Case 2. A case of galactorrhea due to self-prescribed estrogene-treatment in a male-to-female transgender
This story began at the early 70's, while in the former USSR no law regulation existed on gender dysphoria and even the mere idea about the existence of such a problem was unfamiliar to Russian physicians. Patient P. was a normal full term male baby. At the age of 10, he started feeling a desire to wear girls' clothing. At the age of 15, he came to a firm conclusion that he was a girl, and thus started urinating like one (squatting), wearing lipstick and makeup. He also greatly suffered from having a «deformity» — his male reproductive organs. At the age of 17, working as a hospital cleaner, he began injecting himself with estrogenes and progesterone which lead to the development of mammary glands and, in the end, constant milk flow from the breasts. To receive a passport he showed this effect to the police staff and officially changed his gender to female. At the age of 23 the mammary gland showed a development stage corresponding to that of a 15—16 year old girl (due to periodical intake of estrogens) with a nipple discharge (sizable droplets upon applying pressure — galactorrhea ++). He insisted on castration and penile amputation due to feelings of shame which came from having a «deformity» inappropriate to his gender. Skull x-ray revealed normal sella turcica in terms of form and size, however there were signs of increased in-tracranial pressure. The thyroid gland functions were within normal limits. Radioimmunoassay was performed using standard radioimmunoassay kits (Sorin). A slightly elevated prolactin level in the blood was revealed — 24 ng/ml (normal range for males, 4—15 ng/ml). Given multiple suicide attempts, unsuccessful psychiatric treatment, female gender, and a female social role, the patient ultimately underwent castration and feminizing genito-plasty at the age of 27 as a means of social rehabilitation. Some time after surgery, the patient regained interest in life. Surgical and hormonal treatment resulted in the patient exhibiting an overwhelming maternal instinct. Being single, the patient secured her right to adopt a child, simulated pregnancy and was discharged from a maternity hospital with a son. Immediately after «labor», the patient showed significant increase in galactorrhea (+++) and forceful milk ejection reflex. The baby was nursed until the age of 6 months. These findings lead us to believe that galactorrhea in the patient may be due to several factors.

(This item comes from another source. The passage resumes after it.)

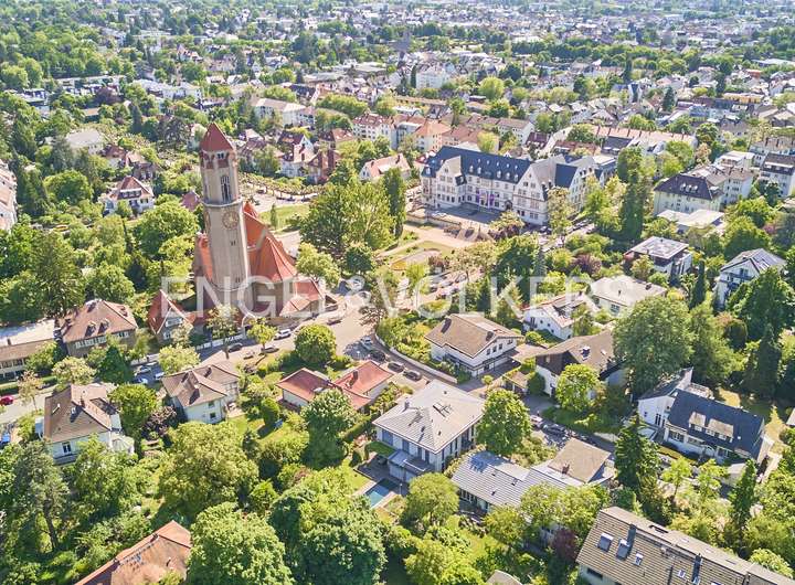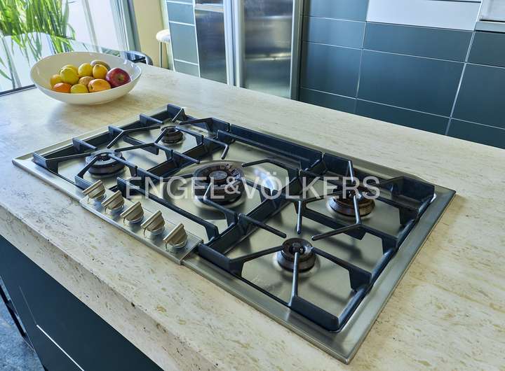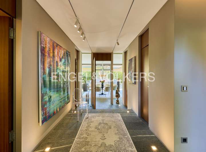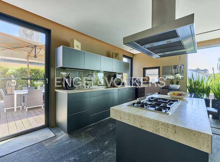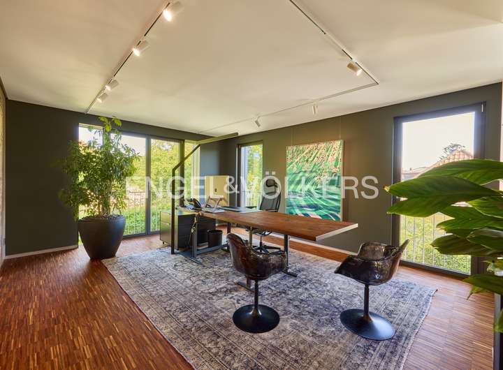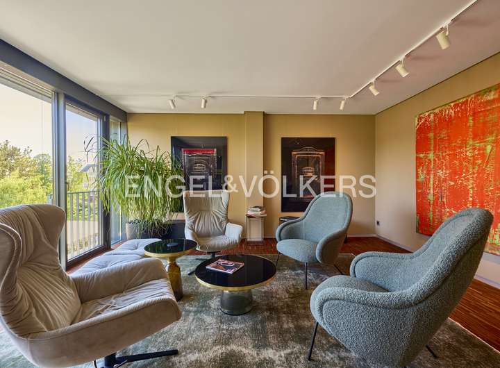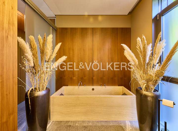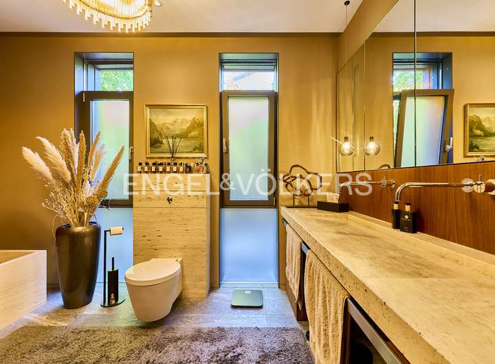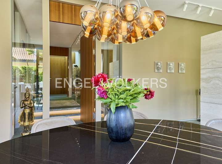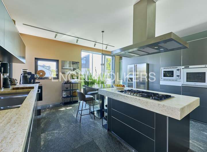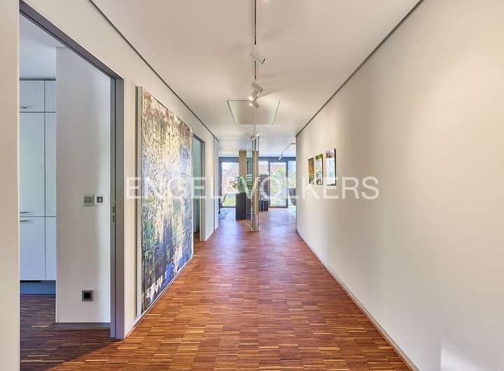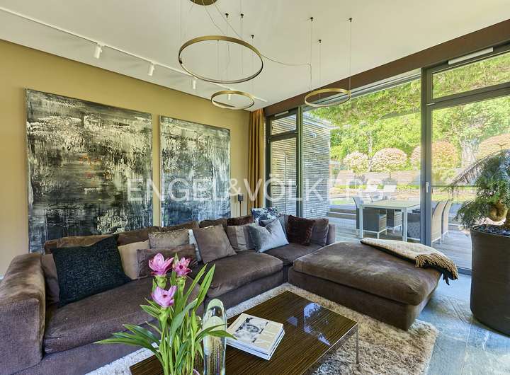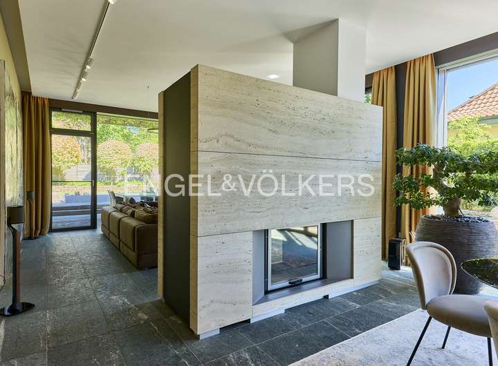 Ein großer Wohn- & Essbereich mit Kamin lädt zum Verweilen ein. Durch Panoramafenster mit freiem Blick in den wunderschönen & privaten Garten fällt viel Tageslicht herein und verstärkt die warme und avantgarde Wohnatmosphäre. In der angrenzenden Küche finden Sie eine moderne Bulthaup-Küche mit großzügiger Kochinsel und vielen Highlights für jeden Kochliebhaber.

1. Increased prolactin level as a result of estrogen use and treatment with cyproterone acetate. Estrogens have long been known to increase prolactin levels in the blood, and similar properties of cyproterone acetate were shown by K. Schmidt-Golewizer et al.
2. Increased intracranial pressure. Its role in disorders of the neuroendocrine system (galactorrhea in particular) was demonstrated by R. Paterson.